Мойзес, который во времена Майты был революционером-подпольщиком, ныне стал интеллектуалом и прогрессистом. Основа его мудрости – в умении сохранить в неприкосновенности образ левого, более того – укрепить его ради процветания центра и своего собственного. Умудряясь оставаться в превосходных отношениях с самыми непримиримыми идеологическими противниками, точно так же ладит он и со всеми правительствами, сколько там ни было их в стране за последние двадцать лет, причем ни одному не предавался полностью. С поразительным чутьем и умением отмерять порции, пропорции и дистанции, он умеет уравновешивать любую чрезмерную уступку одному направлению цветистыми похвалами – другому. Если где-нибудь на коктейльной вечеринке я слышу, как он с преувеличенным жаром поносит транснациональные корпорации, грабящие наши ресурсы, или выступает против культурной экспансии империализма, извращающей нашу родимую культуру третьего мира, я понимаю, что в этом году американцы субсидировали программы центра щедрее, нежели их соперники, а если на концерте или на вернисаже вдруг замечу, что он встревожен советским вторжением в Афганистан или огорчен репрессиями против польской «Солидарности», это означает, что на сей раз он добился какой-то помощи от Востока. Благодаря этим финтам и уловкам он всегда может доказать идеологическую независимость – свою и своего центра. Все перуанские политики, умеющие читать – а таковых немного, – считают его своим интеллектуальным консультантом и уверены, что центр работает прямо на них, что, кстати сказать, не так уж далеко от истины. Мойзесу хватало мудрости внушать всем, что дружба с его центром пойдет им на пользу, и это отчасти тоже было так, поскольку связи с центром позволяли правым чувствовать себя реформаторами, социал-демократами и почти социалистами, левым – придавали респектабельности, делали более умеренными, наводили на них интеллектуальный лоск, военные же чувствовали себя гражданскими, священники – мирянами, буржуа – пролетариями и землянами.

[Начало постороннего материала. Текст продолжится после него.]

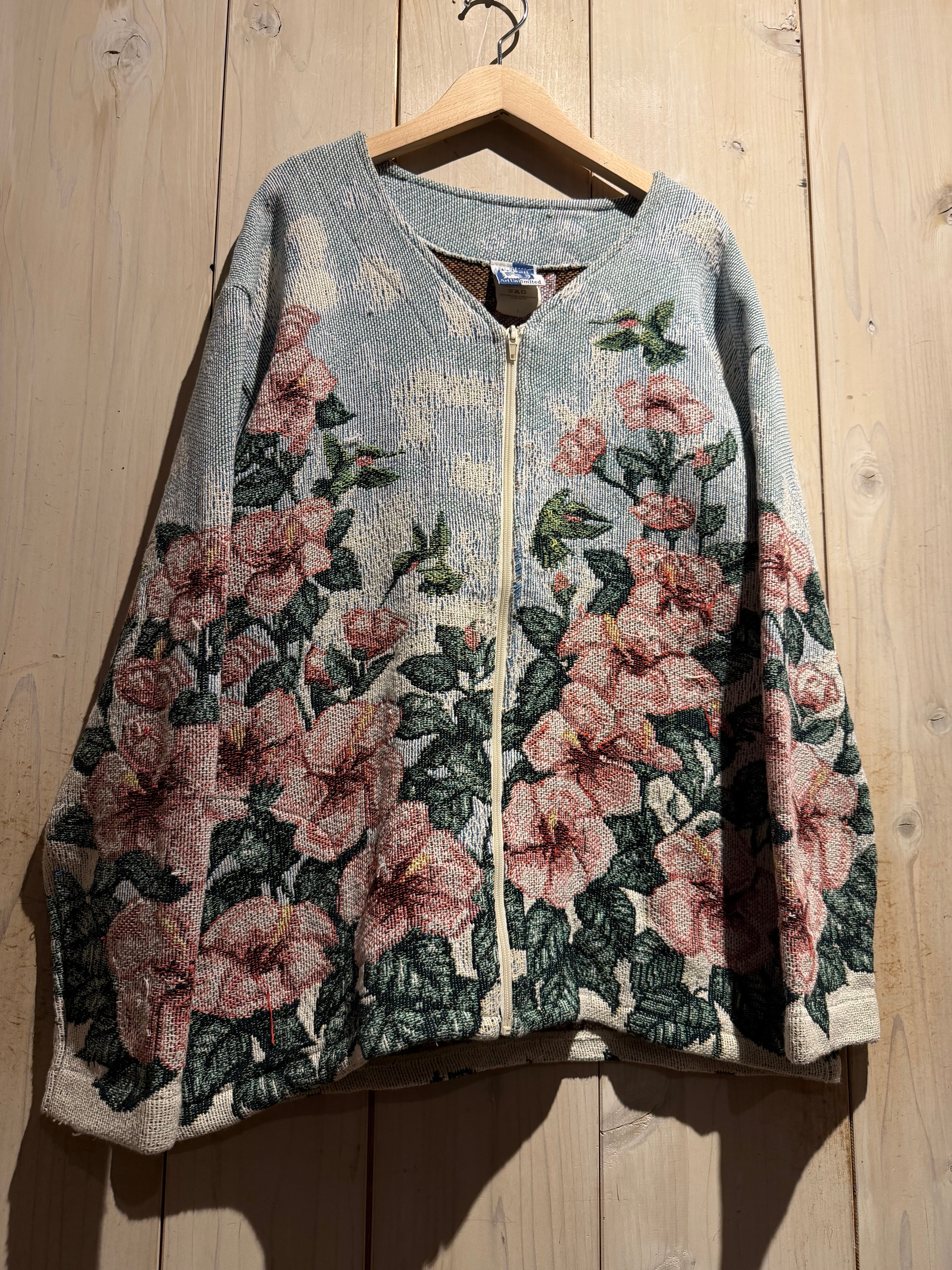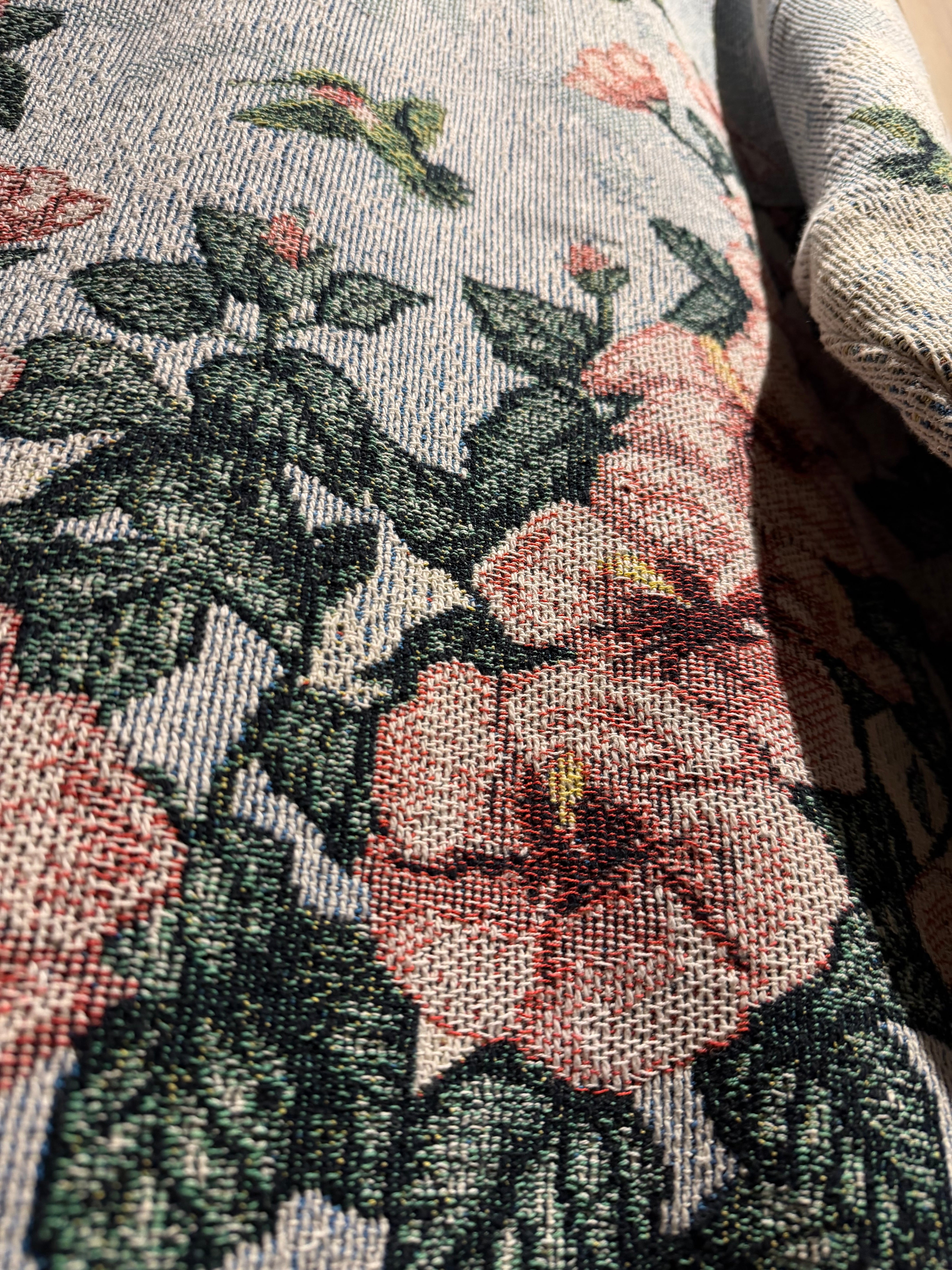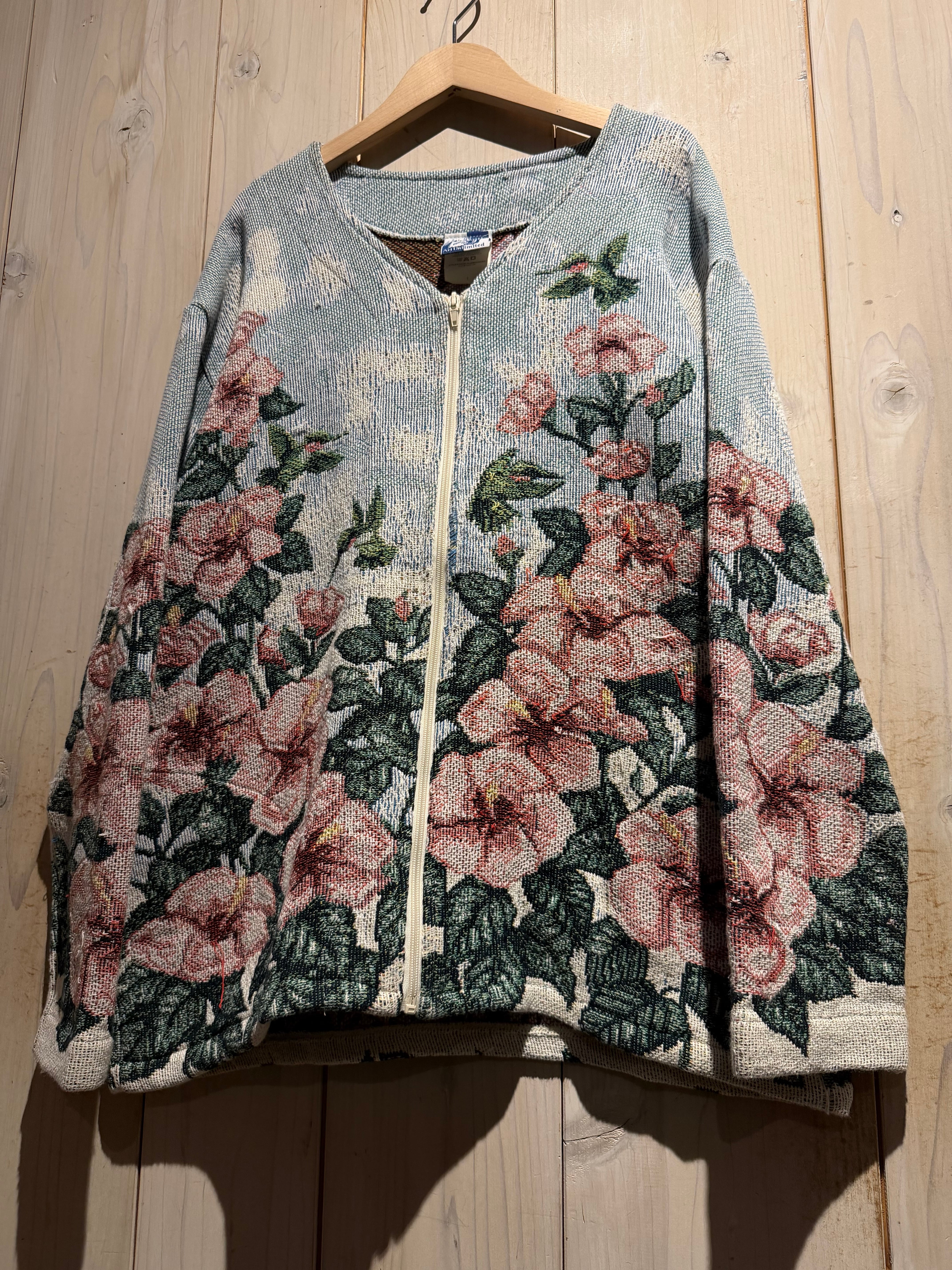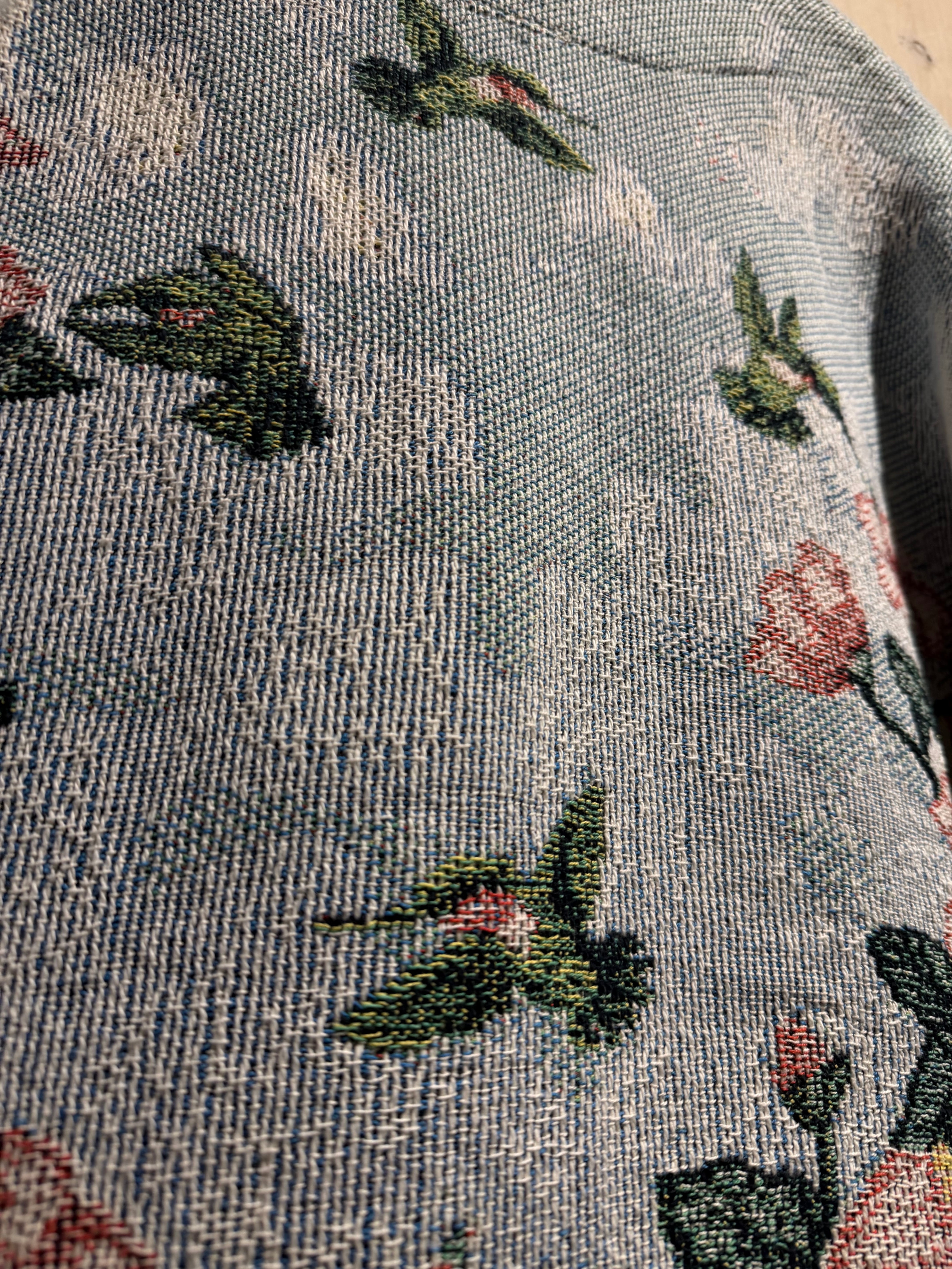 淡いライトブルーをベースに、ピンクの大ぶりな花と深みあるグリーンのリーフを全面に配置。さらにハミングバードを散りばめ、まるでタペストリーのような芸術的なデザインに仕上げられています。

От успехов Мойзеса завистники корчатся в конвульсиях, кроют его последними словами, изощряются в насмешках над его темно-красным кадиллаком, на котором он колесит по улицам. Злоязычнее всех, как и следует ожидать, – поборники прогресса, которые благодаря его центру – и ему лично – сыты и одеты, пишут, публикуются, ездят на конгрессы, получают гранты, проводят семинары и конференции и укрепляют свой статус прогрессистов. Мойзес знает, что́ о нем говорят, и ему на это плевать, а если даже и нет, он это скрывает. Его успехи в жизни и сохранение своего имиджа зиждутся на философии, которая не изменилась ни на йоту: вероятно, у Мойзеса Барби Лейвы есть враги, но сам Мойзес Барби Лейва врагами считает не существ из мяса и костей, а только абстрактных чудовищ – империализм, латифундизм, милитаризм, олигархии, ЦРУ и так далее, – которые служат ему для достижения его целей так же, как и его друзья (все остальное наличествующее человечество). Неисправимый якобинец, каким Майта остается уже тридцать лет, сказал бы о нем, без сомнения, что это типичный случай «сенсуализации» интеллигента-революционера, и, вероятно, был бы прав. Но признает ли Майта, что на какие бы сделки ни был вынужден идти Мойзес в осатаневшей стране, как бы ни притворялся он, он все же сумел сделать так, что несколько десятков интеллигентов живы и работают, а не прозябают в университетском мирке, изъеденном интригами и постоянным крушением надежд, а немало других – путешествуют, проходят стажировки по своим специальностям, пребывают в плодотворном контакте с коллегами в остальном мире? Признает ли Майта, что рыхлый и дряблый соглашатель Мойзес Барби Лейва в одиночку сделал то, что должны были сделать Министерство образования, Институт культуры или какой-нибудь из наших перуанских университетов, учреждений или частных лиц – должны были, да не сделали? Нет, не признает. Потому что, по его мнению, всякого, имеющего глаза, чтобы видеть, и достоинство, чтобы действовать, все это лишь отвлекает от священной обязанности, от выполнения главной задачи, а именно – от революционной борьбы.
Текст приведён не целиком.